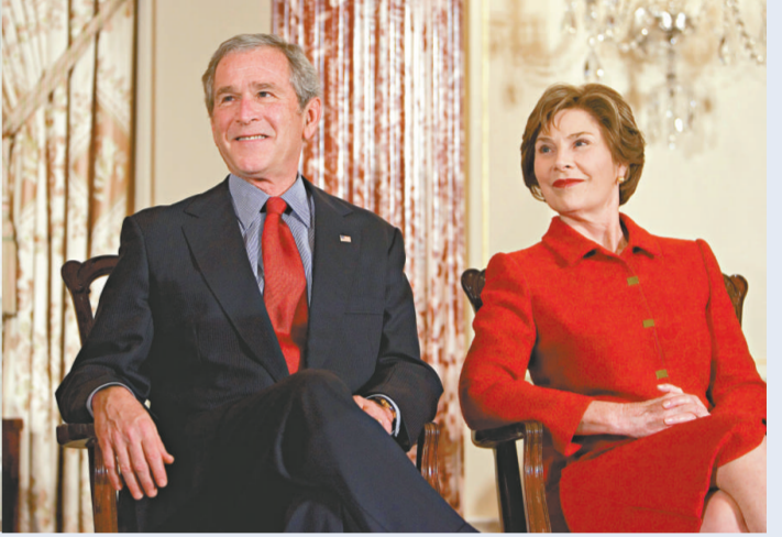
布什夫婦十五日到美國國務院與一眾官員話別
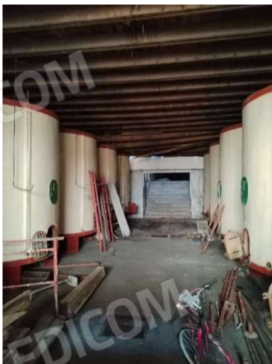
11) Magazzini per la lavorazione Prodotti Vinicoli (fg.6, part.3; sub. 12)
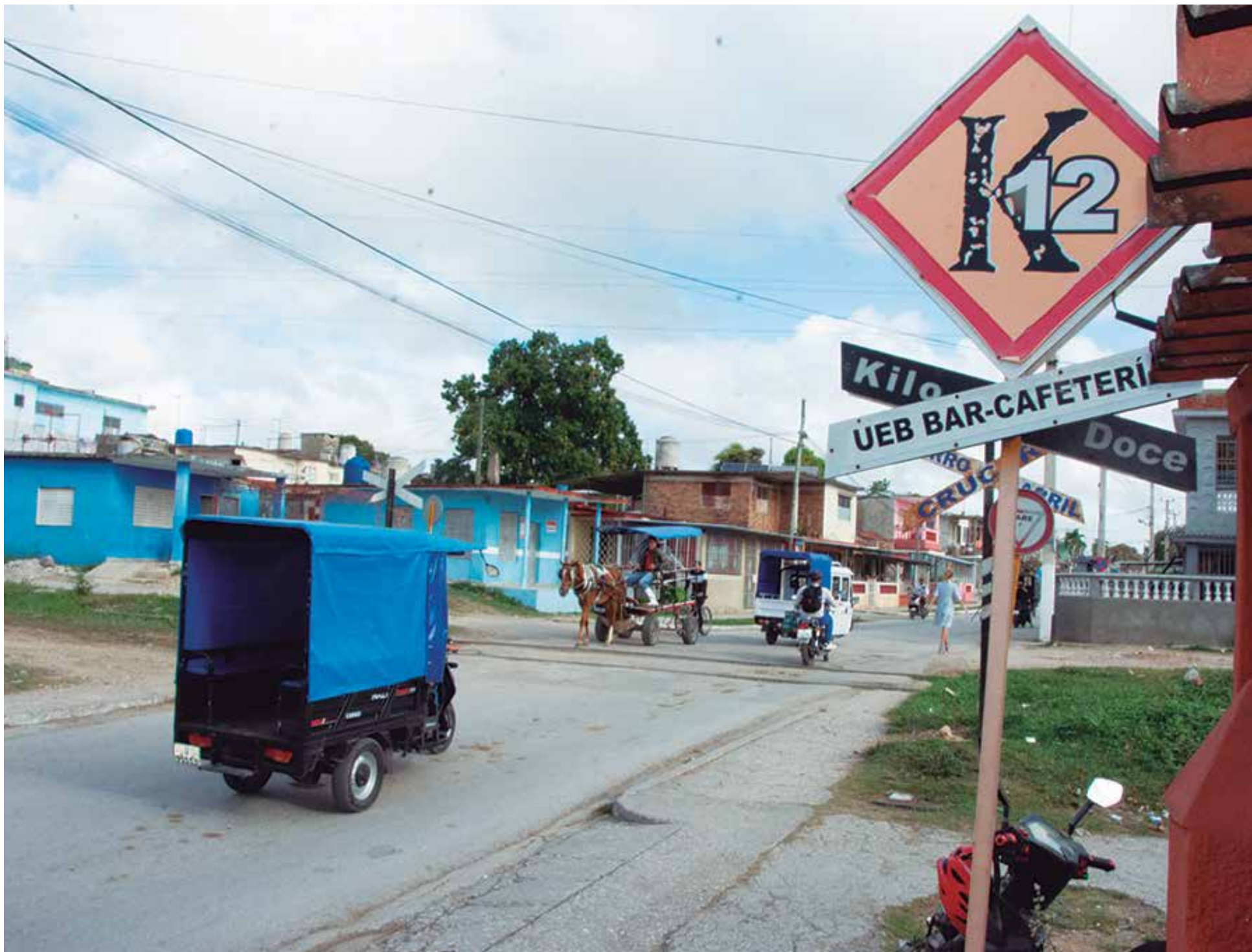
Unas 15 000 personas residen en esa área de la capital provincial.
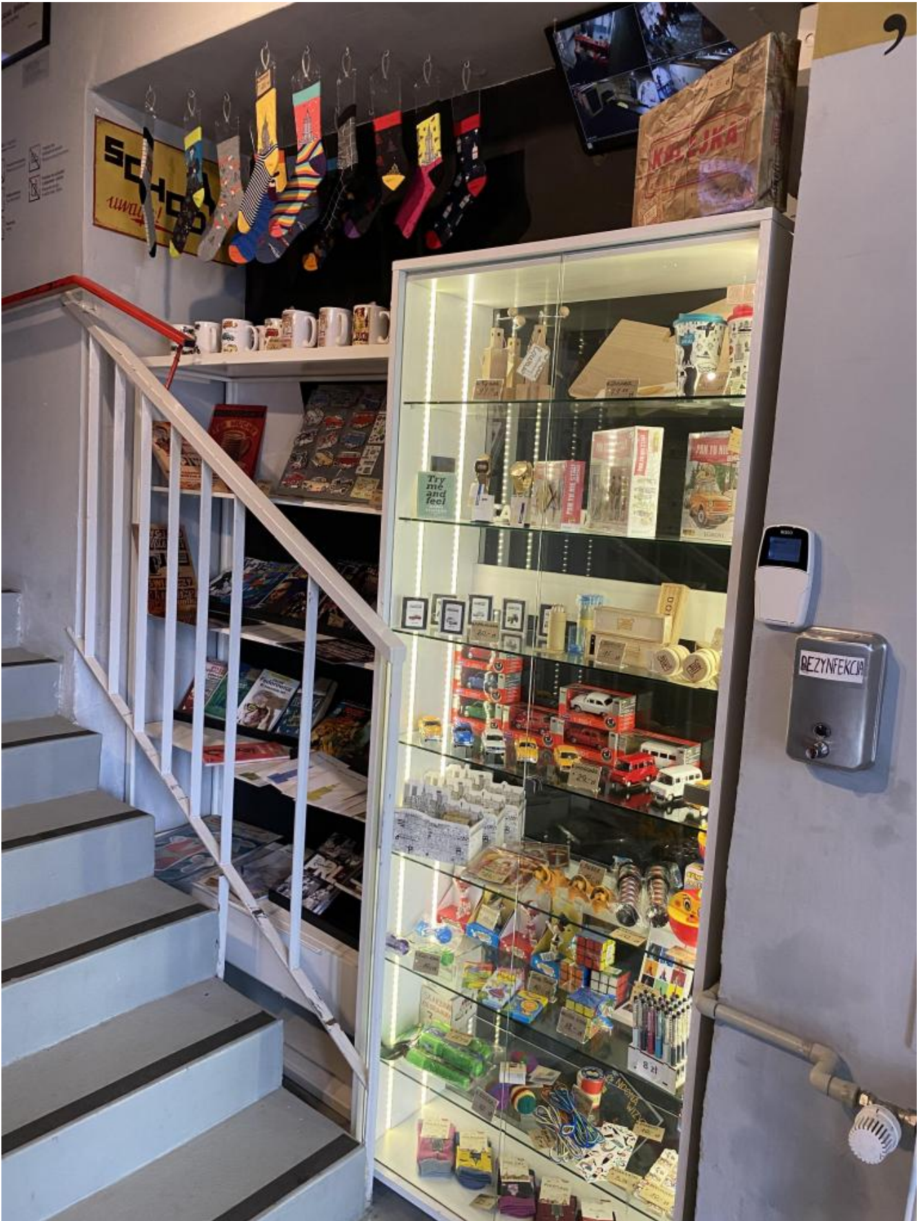
La vetrinetta dei souvenir.
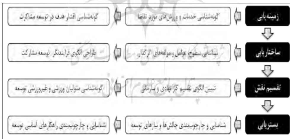
شکل ۱- چهارچوب تحلیل مفهومی پژوهش

مدل‌های توسعه‌ی زیادی در زمینه‌ی ورزش همگانی ارائه شده‌اند؛ اما تاکنون مدل و الگوی جامعی که بر توسعه‌ی مشارکت ورزشی تأکید کند، ارائه نشده است. به‌ویژه اینکه در استان گیلان، تاکنون چنین مطالعاتی باوجود برخورداری این استان از شرایط اقلیمی مناسب برای پرداختن به انواع الگوهای ورزش همگانی و تفریحی انجام نشده‌اند. به‌طورکلی، نتایج پژوهش‌های انجام‌شده در ورزش استان‌های کشور نشان داده است که فقدان سیاست‌ها، خط‌مشی‌های راهبردی، نبود هماهنگی بین مجموعه‌ی نهادها، سازمان‌ها و دستگاه‌های اجرایی مرتبط با ورزش، ناکافی‌بودن منابع مادی و انسانی در حوزه‌های مختلف ورزشی، گاهی انجام کارهای موازی و نبود نظارت کافی بر فعالیت‌های ورزشی، از جمله مهم‌ترین نارسایی‌های این بخش محسوب می‌شوند؛ بنابراین، پژوهش حاضر درصدد است که براساس مطالعه‌ای تفصیلی و جامع با رویکرد پیمایشی و زمینه‌ای در سطح مشارکت ورزشی استان گیلان، به نظام‌مندسازی منظرها و رویکردهای توسعه‌ی مشارکت ورزشی بپردازد. چهارچوب تحلیل مفهومی و محتوای پژوهش، در قالب سه رویکرد اصلی زمینه‌یابی، ساختاریابی و چهارچوب‌بندی عامل‌ها، شاخص‌ها و رویکردهای توسعه‌ی مشارکت ورزشی، به‌صورت شکل شماره ۱ یک ترسیم شده است. این چهارچوب، حاصل نظام‌مندسازی محتوا و فرایند این پژوهش براساس اصول پژوهش در مدیریت ورزشی است.

[Work required] Please return each line of the listing above that contains "چهارچوب".

[Task answer]
شکل ۱- چهارچوب تحلیل مفهومی پژوهش
مدل‌های توسعه‌ی زیادی در زمینه‌ی ورزش همگانی ارائه شده‌اند؛ اما تاکنون مدل و الگوی جامعی که بر توسعه‌ی مشارکت ورزشی تأکید کند، ارائه نشده است. به‌ویژه اینکه در استان گیلان، تاکنون چنین مطالعاتی باوجود برخورداری این استان از شرایط اقلیمی مناسب برای پرداختن به انواع الگوهای ورزش همگانی و تفریحی انجام نشده‌اند. به‌طورکلی، نتایج پژوهش‌های انجام‌شده در ورزش استان‌های کشور نشان داده است که فقدان سیاست‌ها، خط‌مشی‌های راهبردی، نبود هماهنگی بین مجموعه‌ی نهادها، سازمان‌ها و دستگاه‌های اجرایی مرتبط با ورزش، ناکافی‌بودن منابع مادی و انسانی در حوزه‌های مختلف ورزشی، گاهی انجام کارهای موازی و نبود نظارت کافی بر فعالیت‌های ورزشی، از جمله مهم‌ترین نارسایی‌های این بخش محسوب می‌شوند؛ بنابراین، پژوهش حاضر درصدد است که براساس مطالعه‌ای تفصیلی و جامع با رویکرد پیمایشی و زمینه‌ای در سطح مشارکت ورزشی استان گیلان، به نظام‌مندسازی منظرها و رویکردهای توسعه‌ی مشارکت ورزشی بپردازد. چهارچوب تحلیل مفهومی و محتوای پژوهش، در قالب سه رویکرد اصلی زمینه‌یابی، ساختاریابی و چهارچوب‌بندی عامل‌ها، شاخص‌ها و رویکردهای توسعه‌ی مشارکت ورزشی، به‌صورت شکل شماره ۱ یک ترسیم شده است. این چهارچوب، حاصل نظام‌مندسازی محتوا و فرایند این پژوهش براساس اصول پژوهش در مدیریت ورزشی است.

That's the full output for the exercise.